## Text Similarity

What is text similarity?  

Text similarity has to determine how ‘close’ two pieces of text are both in surface closeness [lexical similarity] and meaning [semantic similarity].  
For instance, how similar are the phrases “the cat ate the mouse” with “the mouse ate the cat food” by just looking at the words?
On the surface, if you consider only word level similarity, these two phrases appear very similar as 3 of the 4 unique words are an exact overlap. It typically does not take into account the actual meaning behind words or the entire phrase in context.
Instead of doing a word for word comparison, we also need to pay attention to context in order to capture more of the semantics. To consider semantic similarity we need to focus on phrase/paragraph levels (or lexical chain level) where a piece of text is broken into a relevant group of related words prior to computing similarity. We know that while the words significantly overlap, these two phrases actually have different meaning.  

There is a dependency structure in any sentences:  

mouse is the object of ate in the first case and food is the object of ate in the second case
Since differences in word order often go hand in hand with differences in meaning (compare the dog bites the man with the man bites the dog), we'd like our sentence embeddings to be sensitive to this variation.

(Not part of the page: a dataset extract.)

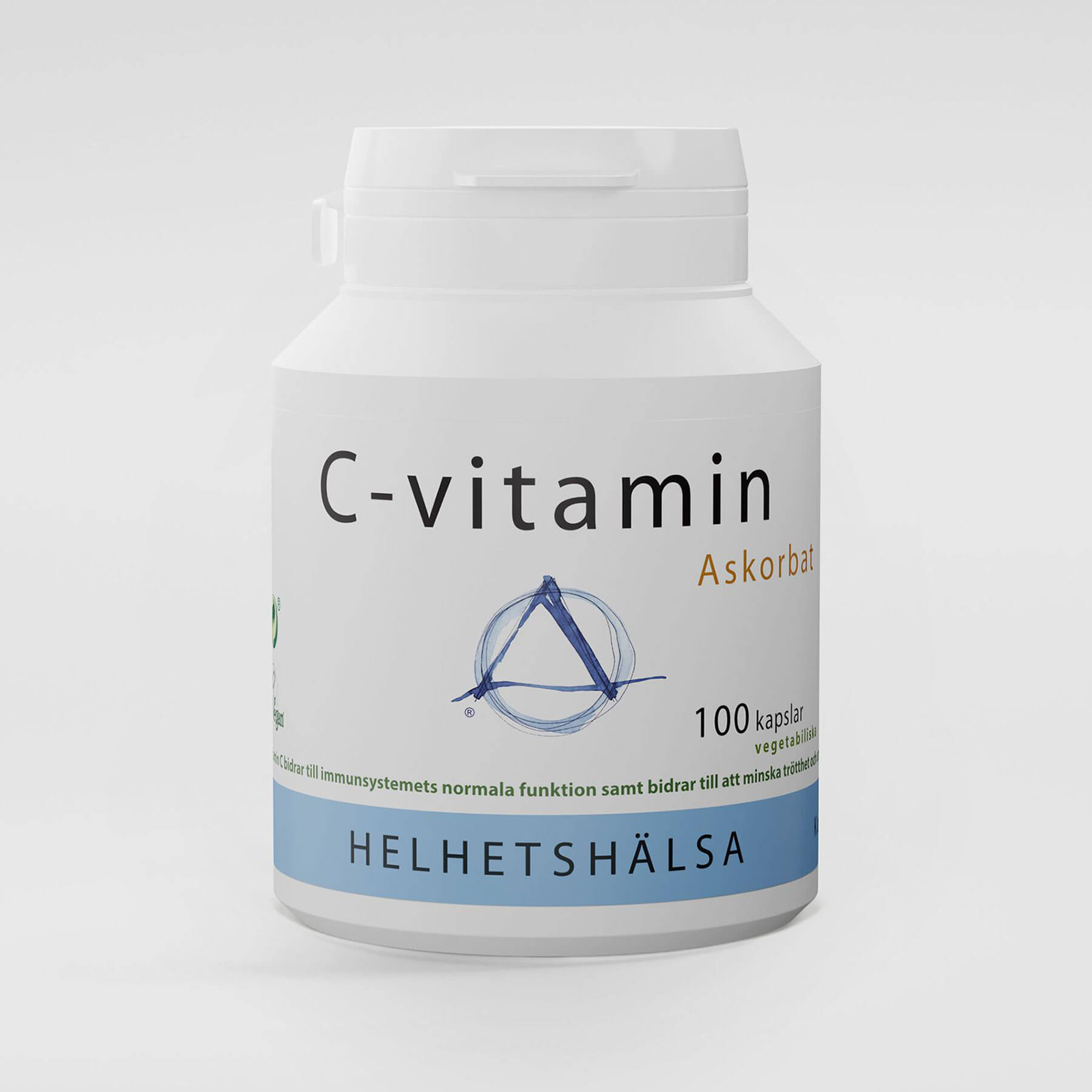 C-vitamin (askorbat) i vegetabiliska kapslar. Vitaminet är pH-neutraliserat med hjälp av kalcium och är skonsamt för magen.

But lucky we are, word vectors have evolved over the years to know the difference between record the play vs play the record

In [15]:
str1 = "I am a man. She is a woman."
str2 = """Case C-40/08

Asturcom Telecomunicaciones SL

v

Cristina Rodríguez Nogueira

(Reference for a preliminary ruling from the Juzgado de Primera Instancia nº 4 de Bilbao)

(Directive 93/13/EEC – Consumer contracts – Unfair arbitration clause – Measure void – Arbitration award which has become final – Enforcement – Whether the national court responsible for enforcement can consider of its own motion whether the unfair arbitration clause is null and void – Principles of equivalence and effectiveness)
"""

In [3]:
def get_jaccard_sim(str1, str2): 
    a = set(str1.split()) 
    b = set(str2.split())
    c = a.intersection(b)
    return float(len(c)) / (len(a) + len(b) - len(c))

print(get_jaccard_sim(str1,str2))

0.03125


In [17]:
tokens_1 = str1.split()
tokens_2 = str2.split()
textdistance.jaccard(tokens_1 , tokens_2)


0.025

In [18]:
tokens_3 = "hello new world".split()
textdistance.jaccard(tokens_1 , tokens_3)

0.0

In [19]:
#https://github.com/life4/textdistance
import textdistance

textdistance.hamming('test', 'text')
# 1

textdistance.hamming.distance('test', 'text')
# 1

textdistance.hamming.similarity('test', 'text')
# 3

textdistance.hamming.normalized_distance('test', 'text')
# 0.25

textdistance.hamming.normalized_similarity('test', 'text')
# 0.75

textdistance.Hamming(qval=2).distance('test', 'text')
# 2

2